Continuous Error InfiniBand retimer programming failed
Applies to
- FAS8080 Controller-IOXM (C-I configuration)
- ONTAP 9
Issue
- Following Errors are seen in event Logs:
Fri Oct 07 07:42:24 +0530 [Cluster-01: ib_nap_tx_1: connectx.IbRetimerRetry:debug]: InfiniBand retimer programming is being retried on port ib0a.
Fri Oct 07 07:42:26 +0530 [Cluster-01: ib_nap_tx_2: connectx.IbRetimerRetry:debug]: InfiniBand retimer programming is being retried on port ib0b.
Fri Oct 07 07:42:30 +0530 [Cluster-01: ib_nap_tx_1: callhome.ibretimerprog.fail:EMERGENCY]: Call home for INFINIBAND RETIMER PROGRAMMING FAILURE
Fri Oct 07 07:42:32 +0530 [Cluster-01: ib_nap_tx_2: callhome.ibretimerprog.fail:EMERGENCY]: Call home for INFINIBAND RETIMER PROGRAMMING FAILURE
- MB is replaced however following alerts are reported after that:
HA Group Notification (InfiniBand retimer programming failed on port ib0a) EMERGENCY
Fri Oct 07 07:42:22 +0530 [Cluster-01: ib_nap_tx_1: connectx.IbQsfpDumpCtrl:error]: InfiniBand retimer programming failed on port ib0a due to QSFP register dump error. Dumping registers: control 0x40000050, data 0x0, timeout 0xf0f3000, clock 0xbc4709c9.
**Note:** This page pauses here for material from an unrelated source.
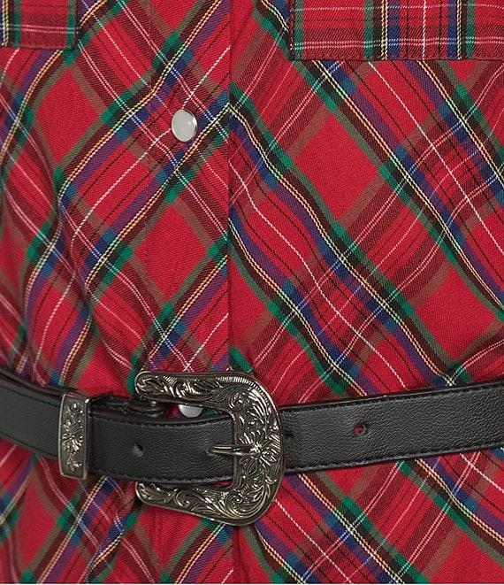 From Reba, this dress features: Shirt dress silhouette Point collar Long sleeves Plaid print Chest flap pockets Vegan leather belt with engraved metal buckle Straight hemline Snap front closure Approx. 52" length Cotton Hand wash cold Imported.

Fri Oct 07 07:42:24 +0530 [Cluster-01: ib_nap_tx_2: connectx.IbQsfpDumpCtrl:error]: InfiniBand retimer programming failed on port ib0b due to QSFP register dump error. Dumping registers: control 0x40000050, data 0x0, timeout 0xf0f3000, clock 0xbc4709c9.
Fri Oct 07 08:37:25 +0530 [Cluster-01: ib_nap_tx_1: connectx.IbCableDetected:info]: Detected Active Optical cable of length 5M on InfiniBand port ib0a.
Fri Oct 07 08:37:25 +0530 [Cluster-01: ib_nap_tx_1: connectx.IbRetimerProgrmPass:info]: InfiniBand retimer programming was successful on port ib0a.
Fri Oct 07 08:37:25 +0530 [Cluster-01: ib_nap_tx_2: connectx.IbCableDetected:info]: Detected Active Optical cable of length 5M on InfiniBand port ib0b.
Fri Oct 07 08:37:25 +0530 [Cluster-01: ib_nap_tx_2: connectx.IbRetimerProgrmPass:info]: InfiniBand retimer programming was successful on port ib0b.